# Dataset extract

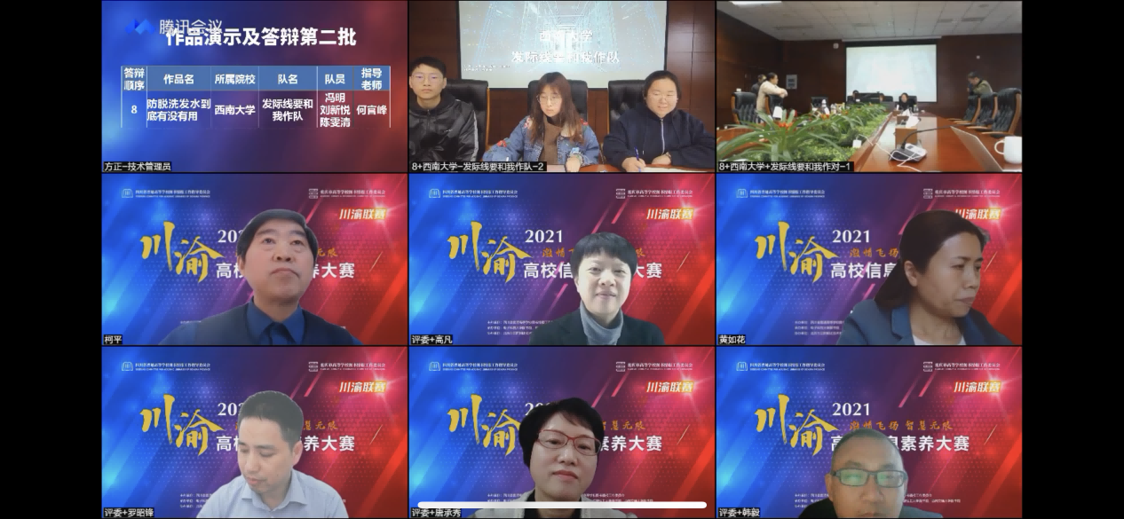 川渝联赛赛段在权威性和专业性上得到了豪华评委阵容的强力加持,由南开大学柯平教授、武汉大学黄如花教授、西南大学韩毅教授、西南交通大学高凡教授、天津财经大学唐承秀研究馆员、中国科学院罗昭锋研究员六位专家组成评委团。比赛当天,来自川渝地区十所高校的十支队伍三十名选手相聚云端,上千名观众线上观赛,共同见证了这场川渝高校的盛赛。
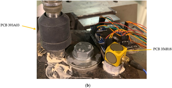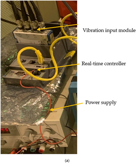 The acquisition system of the two studied accelerometers can be seen in Figure 1a. As illustrated in this figure, both accelerometers were connected to the real-time controller equipped with the vibration input module. Finally, the real-time controller was connected to a computer using a LAN wire. The used accelerometers and their positioning in the laboratory tests are illustrated in Figure 1b.
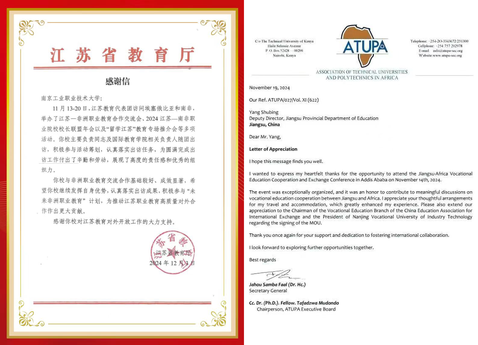 自2018年起,我校与南非高等教育与培训部、南非地方政府培训署展开合作,积极开展南非学生来华学习实习项目,接收来自南非的3批次共128名学生。2023年,在江苏省教育厅、江苏省人民政府外事办公室和南非高等教育和培训部的指导下,我校牵头成立“江苏—南非职业院校校长联盟”。该联盟汇聚了江苏11所高校和南非8所高校,为中南两国职业院校搭建了重要的交流平台。2024年,“江苏—非洲职业教育合作交流会”在埃塞俄比亚首都亚的斯亚贝巴顺利举办。会上,我校南非分校正式揭牌成立,并与非洲技术与应用型大学与学院协会签署中非职教合作备忘录、与埃塞俄比亚联邦职业技术培训学院签署新能源汽车产业职业培训合作备忘录。同年,江苏—南非职业院校校长联盟年会暨“留学江苏”教育展在南非比勒陀利亚成功举办,“未来非洲计划青年营”活动在我校开营。今年,中国—南非国际奖学金项目启动仪式暨2025级开学典礼在我校圆满举行,共有200余名南非留学生获得中国-南非国际奖学金来华学习。为此,江苏省教育厅、非洲技术与应用型大学和学院协会以及南非高教部地方政府培训署专门致函表示感谢。

# Task statement
What's needed is every line above, retyped exactly and free of pictures.

# Answer area
 川渝联赛赛段在权威性和专业性上得到了豪华评委阵容的强力加持,由南开大学柯平教授、武汉大学黄如花教授、西南大学韩毅教授、西南交通大学高凡教授、天津财经大学唐承秀研究馆员、中国科学院罗昭锋研究员六位专家组成评委团。比赛当天,来自川渝地区十所高校的十支队伍三十名选手相聚云端,上千名观众线上观赛,共同见证了这场川渝高校的盛赛。
 The acquisition system of the two studied accelerometers can be seen in Figure 1a. As illustrated in this figure, both accelerometers were connected to the real-time controller equipped with the vibration input module. Finally, the real-time controller was connected to a computer using a LAN wire. The used accelerometers and their positioning in the laboratory tests are illustrated in Figure 1b.
 自2018年起,我校与南非高等教育与培训部、南非地方政府培训署展开合作,积极开展南非学生来华学习实习项目,接收来自南非的3批次共128名学生。2023年,在江苏省教育厅、江苏省人民政府外事办公室和南非高等教育和培训部的指导下,我校牵头成立“江苏—南非职业院校校长联盟”。该联盟汇聚了江苏11所高校和南非8所高校,为中南两国职业院校搭建了重要的交流平台。2024年,“江苏—非洲职业教育合作交流会”在埃塞俄比亚首都亚的斯亚贝巴顺利举办。会上,我校南非分校正式揭牌成立,并与非洲技术与应用型大学与学院协会签署中非职教合作备忘录、与埃塞俄比亚联邦职业技术培训学院签署新能源汽车产业职业培训合作备忘录。同年,江苏—南非职业院校校长联盟年会暨“留学江苏”教育展在南非比勒陀利亚成功举办,“未来非洲计划青年营”活动在我校开营。今年,中国—南非国际奖学金项目启动仪式暨2025级开学典礼在我校圆满举行,共有200余名南非留学生获得中国-南非国际奖学金来华学习。为此,江苏省教育厅、非洲技术与应用型大学和学院协会以及南非高教部地方政府培训署专门致函表示感谢。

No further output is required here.